_What you have to do_
Go to the line holding "Der 22 jährige" in the entries below and write out exactly every line down to and including the line holding "In this sample".

** Entries supplied follows **

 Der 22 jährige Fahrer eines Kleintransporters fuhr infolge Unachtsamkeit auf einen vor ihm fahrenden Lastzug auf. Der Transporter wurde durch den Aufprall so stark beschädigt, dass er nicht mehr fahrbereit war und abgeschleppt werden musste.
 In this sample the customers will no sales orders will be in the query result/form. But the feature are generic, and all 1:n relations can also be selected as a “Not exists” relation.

** End of Entries supplied **
** Entries supplied follows **

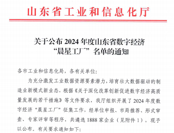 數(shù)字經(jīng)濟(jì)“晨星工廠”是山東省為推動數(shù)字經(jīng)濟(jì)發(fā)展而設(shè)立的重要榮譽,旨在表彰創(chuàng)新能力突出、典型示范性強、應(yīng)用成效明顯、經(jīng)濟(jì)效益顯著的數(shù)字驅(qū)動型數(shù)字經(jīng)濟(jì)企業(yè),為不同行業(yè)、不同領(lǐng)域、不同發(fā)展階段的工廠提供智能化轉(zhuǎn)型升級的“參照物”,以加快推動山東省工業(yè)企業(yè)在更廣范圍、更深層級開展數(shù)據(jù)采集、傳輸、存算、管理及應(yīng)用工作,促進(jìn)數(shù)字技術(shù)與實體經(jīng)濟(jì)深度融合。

** End of Entries supplied **

_Your solution_
 Der 22 jährige Fahrer eines Kleintransporters fuhr infolge Unachtsamkeit auf einen vor ihm fahrenden Lastzug auf. Der Transporter wurde durch den Aufprall so stark beschädigt, dass er nicht mehr fahrbereit war und abgeschleppt werden musste.
 In this sample the customers will no sales orders will be in the query result/form. But the feature are generic, and all 1:n relations can also be selected as a “Not exists” relation.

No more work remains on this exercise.